– Ты должен обязательно вернуться на Кубу!
– Зачем?
– Матч-реванш!
– Хочешь вернуть себе титул? – прокричал я, сложив ладони рупором.
В его бороде прорезалась улыбка.
– Я его, положим, и не терял!
Я отдал билет стюардессе, вскинул на плечо сумку и хотел ему помахать, но он уже затерялся в толпе военных и штатских. Больше мы никогда не виделись.
33
33
Я записал пару бесед о литературе, что провел с Эрнестом Хемингуэем. Ту, что состоялась на мысе Рома в ночь, когда мы ждали высадки немецких агентов, запомнилась мне лучше всего, но и разговор на «Пилар» в ночь его сорокатрехлетия тоже периодически вспоминается. Был и еще один – не со мной, а с доктором Эррерой Сотолонго у бассейна на финке. Я сидел близко и слышал их.

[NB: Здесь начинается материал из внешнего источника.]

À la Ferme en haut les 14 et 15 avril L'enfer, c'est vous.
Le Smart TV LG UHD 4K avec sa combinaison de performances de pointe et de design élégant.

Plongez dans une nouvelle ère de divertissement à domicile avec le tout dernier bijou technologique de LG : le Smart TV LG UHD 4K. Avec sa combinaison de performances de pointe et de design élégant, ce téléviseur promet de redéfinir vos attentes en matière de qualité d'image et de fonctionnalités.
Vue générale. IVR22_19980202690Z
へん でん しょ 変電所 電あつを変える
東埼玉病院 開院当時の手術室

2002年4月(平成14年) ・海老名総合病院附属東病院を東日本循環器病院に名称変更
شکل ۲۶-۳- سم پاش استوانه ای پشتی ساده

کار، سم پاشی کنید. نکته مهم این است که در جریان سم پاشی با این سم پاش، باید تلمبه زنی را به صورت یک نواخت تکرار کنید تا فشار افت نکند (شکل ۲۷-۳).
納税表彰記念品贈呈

Доктор спросил, откуда писатель знает, когда нужно закончить книгу.
– С одной стороны, эта история надоела тебе до чертиков, – сказал Хемингуэй, – с другой – ты не хочешь ее заканчивать. Не хочешь прощаться с теми, о ком пишешь. Не хочешь, чтобы голос в твоей голове перестал шептать на языке этой книги. Это все равно что хоронить друга.
– Да, я, кажется, понимаю, – неуверенно сказал доктор.

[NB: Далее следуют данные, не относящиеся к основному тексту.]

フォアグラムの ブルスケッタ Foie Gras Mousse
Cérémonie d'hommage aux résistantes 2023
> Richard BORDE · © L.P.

– Помнишь, два года назад я отказывался стричься, пока не закончу «По ком звонит колокол»?
– Да. Ты ужасно выглядел с длинными волосами.
– Я закончил чертову книжку тринадцатого июля, но и в день рождения продолжал писать. Добавил пару глав в качестве эпилога. Описал, как Карков с генералом Гольцем после неудавшегося наступления на Сеговию вместе едут в Мадрид. В следующей главе Андрес приходит в опустевший лагерь Пилар и Пабло, видит взорванный мост над ущельем… такая вот дрянь.
– Почему же дрянь, Эрнесто? Разве это не интересно?
– Это не нужно, – ответил писатель, попивая «Том Коллинз». – Я повез рукопись в Нью-Йорк посреди самого жаркого лета от начала времен, работал над ней в отеле «Барклай», чувствовал себя как слепая сардинка на консервной фабрике и отправлял в «Скрибнерс» по двести страниц в день с курьером. Густаво Дюран приходил ко мне с новой женой Бонте, и я читал ему гранки, чтобы проверить испанскую грамматику и ударения.
– И как ему показалась твоя грамматика? – с юмором спросил доктор.
– В целом правильно. Но суть в том, что моему редактору Максу нравилось все как есть, с эпилогом вместе. В обычной своей манере он говорил, что всё замечательно, а критику приберег на потом, когда я немного остыл. В конце августа издательство попросило меня убрать сцену, где Роберт Джордан дрочит…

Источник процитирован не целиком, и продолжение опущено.